Take the material below and output exactly the run of lines from the one containing "DALLAS NORTHWAY CAMPUS" down to the one containing "new and creative", with both included.

### [Source information]
┄┄┄┄┄┄┄┄┄┄

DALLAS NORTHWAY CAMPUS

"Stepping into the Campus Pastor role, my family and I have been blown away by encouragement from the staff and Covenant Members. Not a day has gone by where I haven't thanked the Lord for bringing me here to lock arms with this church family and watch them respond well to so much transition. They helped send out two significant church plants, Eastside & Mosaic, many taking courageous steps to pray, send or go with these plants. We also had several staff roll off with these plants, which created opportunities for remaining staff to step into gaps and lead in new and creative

┄┄┄┄┄┄┄┄┄┄

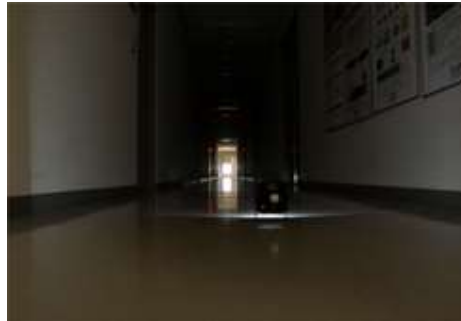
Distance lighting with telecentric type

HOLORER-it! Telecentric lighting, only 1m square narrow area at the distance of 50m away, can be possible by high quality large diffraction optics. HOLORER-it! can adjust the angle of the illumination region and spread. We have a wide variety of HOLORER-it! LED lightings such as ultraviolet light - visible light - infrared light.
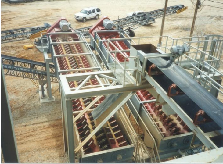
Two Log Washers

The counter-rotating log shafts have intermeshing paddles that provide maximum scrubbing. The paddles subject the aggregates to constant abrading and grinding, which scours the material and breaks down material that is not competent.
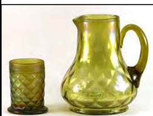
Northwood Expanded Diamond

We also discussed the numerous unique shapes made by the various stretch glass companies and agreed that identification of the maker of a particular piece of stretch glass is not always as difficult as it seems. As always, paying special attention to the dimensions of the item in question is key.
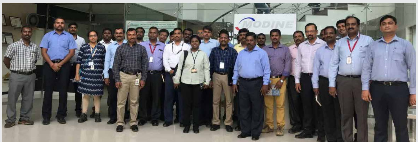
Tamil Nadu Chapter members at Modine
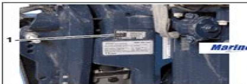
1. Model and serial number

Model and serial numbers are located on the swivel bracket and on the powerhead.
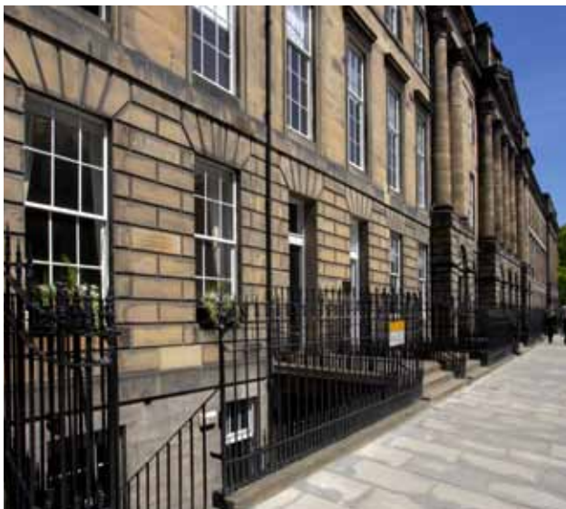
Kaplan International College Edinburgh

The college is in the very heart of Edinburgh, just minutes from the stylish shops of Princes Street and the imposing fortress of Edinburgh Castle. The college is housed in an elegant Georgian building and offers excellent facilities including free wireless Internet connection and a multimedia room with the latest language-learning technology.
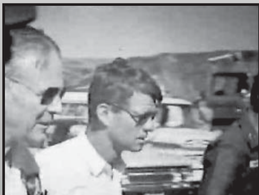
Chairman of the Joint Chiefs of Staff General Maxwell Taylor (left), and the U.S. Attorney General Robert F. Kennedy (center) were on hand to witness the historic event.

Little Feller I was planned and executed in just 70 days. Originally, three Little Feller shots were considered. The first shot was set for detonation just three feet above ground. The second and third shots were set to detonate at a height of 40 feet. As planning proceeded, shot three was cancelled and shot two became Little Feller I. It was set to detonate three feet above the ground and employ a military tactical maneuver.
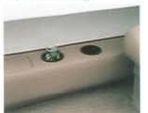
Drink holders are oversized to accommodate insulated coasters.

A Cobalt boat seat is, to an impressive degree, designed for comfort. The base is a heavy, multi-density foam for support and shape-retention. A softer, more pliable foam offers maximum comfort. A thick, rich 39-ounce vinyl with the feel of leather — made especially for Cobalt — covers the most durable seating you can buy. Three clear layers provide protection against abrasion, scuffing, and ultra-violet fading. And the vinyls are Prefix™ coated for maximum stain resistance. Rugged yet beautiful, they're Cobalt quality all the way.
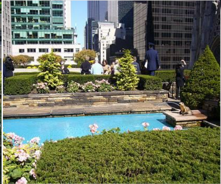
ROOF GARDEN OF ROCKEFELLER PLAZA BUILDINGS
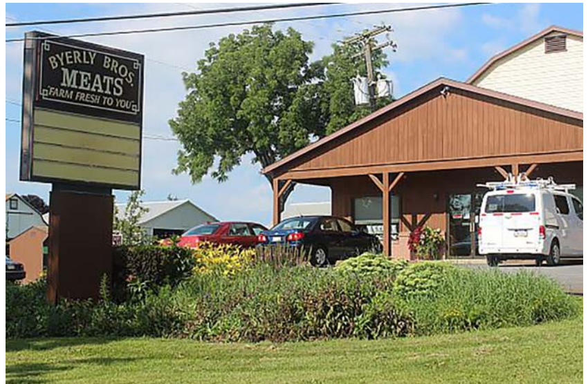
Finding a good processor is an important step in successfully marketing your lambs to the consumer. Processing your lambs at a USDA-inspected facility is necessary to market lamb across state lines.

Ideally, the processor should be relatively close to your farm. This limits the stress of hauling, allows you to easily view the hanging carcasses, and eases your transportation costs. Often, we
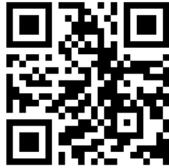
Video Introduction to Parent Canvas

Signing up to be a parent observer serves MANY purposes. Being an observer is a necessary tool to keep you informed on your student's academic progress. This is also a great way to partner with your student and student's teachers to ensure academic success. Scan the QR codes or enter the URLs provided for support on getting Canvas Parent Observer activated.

┄┄┄┄┄┄┄┄┄┄

### [Answer to the exercise]
DALLAS NORTHWAY CAMPUS

"Stepping into the Campus Pastor role, my family and I have been blown away by encouragement from the staff and Covenant Members. Not a day has gone by where I haven't thanked the Lord for bringing me here to lock arms with this church family and watch them respond well to so much transition. They helped send out two significant church plants, Eastside & Mosaic, many taking courageous steps to pray, send or go with these plants. We also had several staff roll off with these plants, which created opportunities for remaining staff to step into gaps and lead in new and creative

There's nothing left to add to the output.